AIM OF THE TASK: Please set down every line of the records below exactly, without the pictures.

SOURCE INFORMATION:
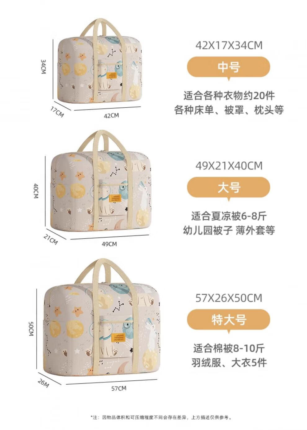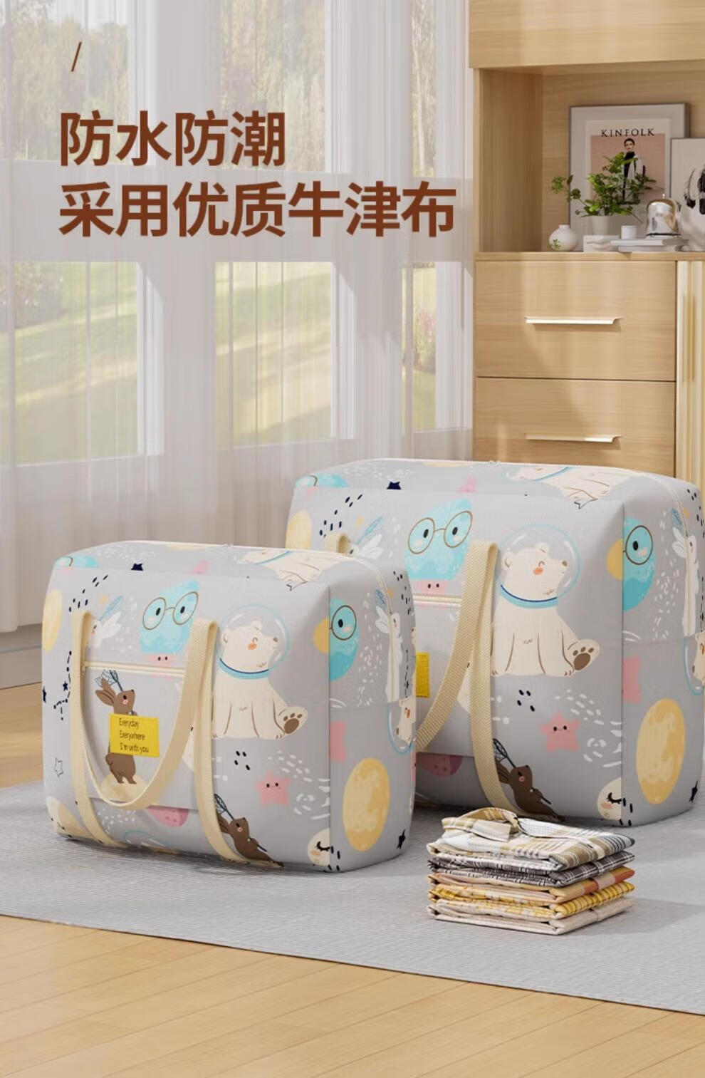 MPPMCK Oxford cloth quilt storage bag with large capacity for clothing, luggage, moving, packing quilt organization bag, moisture-proof space bear, upgraded Oxford cloth, wear-resistant and durable, large size 49*21*40CM, recommended for autumn quilt clothing 6
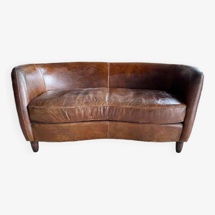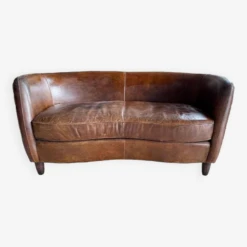 Vintage Sofa From The 70s In Genuine Brown Leather Italian Design
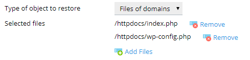 If you selected “Files of domains” during the previous step, click Add files, select the file or files you want to restore, and then click OK.
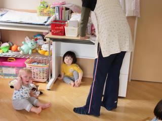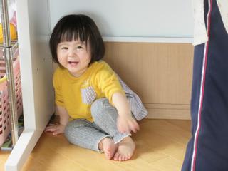 1歳児さんのお部屋に行くと、テーブルの下の狭い空間を楽しむお友達を発見
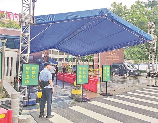 记者在华附考点了解到,今年该考点共设有41个考场,包括33个正式考场和8个备用考场。为确保考生顺利进入考场,学校正门左侧设置了考生进场处,并在此处搭建了雨棚,以应对随时可能出现的降雨。同时,学校还设置了考生身份证明补办绿色通道,为那些忘记或丢失身份证的考生提供快速补办身份证明服务。
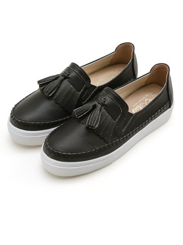 FM SHOES 流蘇縫線厚底小白鞋 黑
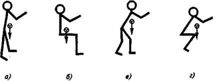 Схема биомеханического анализа рабочей позы при устойчивой (а и б) и неустойчивой (в и г) позах: а, в — стоя; б, г — сидя
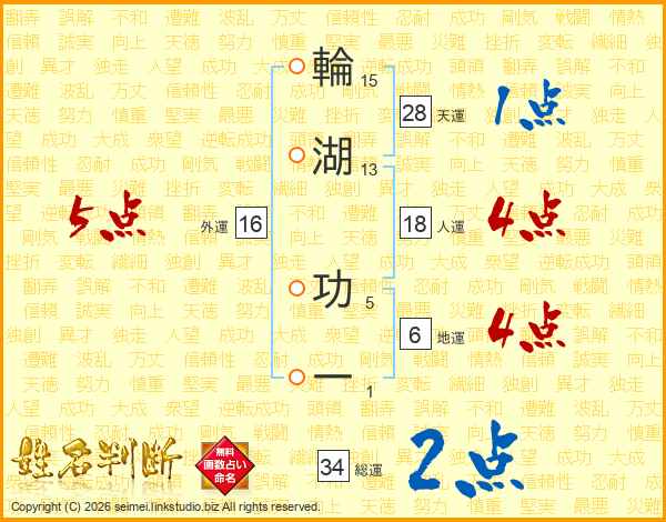 生活面を象徴する運勢です。外部から受ける影響力を表し、結婚運、家庭運や職場、環境への順応性を表します。総運から人運を引いた画数。姓や名が1文字の場合を除く。

OUTPUT OF THE TASK:
 MPPMCK Oxford cloth quilt storage bag with large capacity for clothing, luggage, moving, packing quilt organization bag, moisture-proof space bear, upgraded Oxford cloth, wear-resistant and durable, large size 49*21*40CM, recommended for autumn quilt clothing 6
 Vintage Sofa From The 70s In Genuine Brown Leather Italian Design
 If you selected “Files of domains” during the previous step, click Add files, select the file or files you want to restore, and then click OK.
 1歳児さんのお部屋に行くと、テーブルの下の狭い空間を楽しむお友達を発見
 记者在华附考点了解到,今年该考点共设有41个考场,包括33个正式考场和8个备用考场。为确保考生顺利进入考场,学校正门左侧设置了考生进场处,并在此处搭建了雨棚,以应对随时可能出现的降雨。同时,学校还设置了考生身份证明补办绿色通道,为那些忘记或丢失身份证的考生提供快速补办身份证明服务。
 FM SHOES 流蘇縫線厚底小白鞋 黑
 Схема биомеханического анализа рабочей позы при устойчивой (а и б) и неустойчивой (в и г) позах: а, в — стоя; б, г — сидя
 生活面を象徴する運勢です。外部から受ける影響力を表し、結婚運、家庭運や職場、環境への順応性を表します。総運から人運を引いた画数。姓や名が1文字の場合を除く。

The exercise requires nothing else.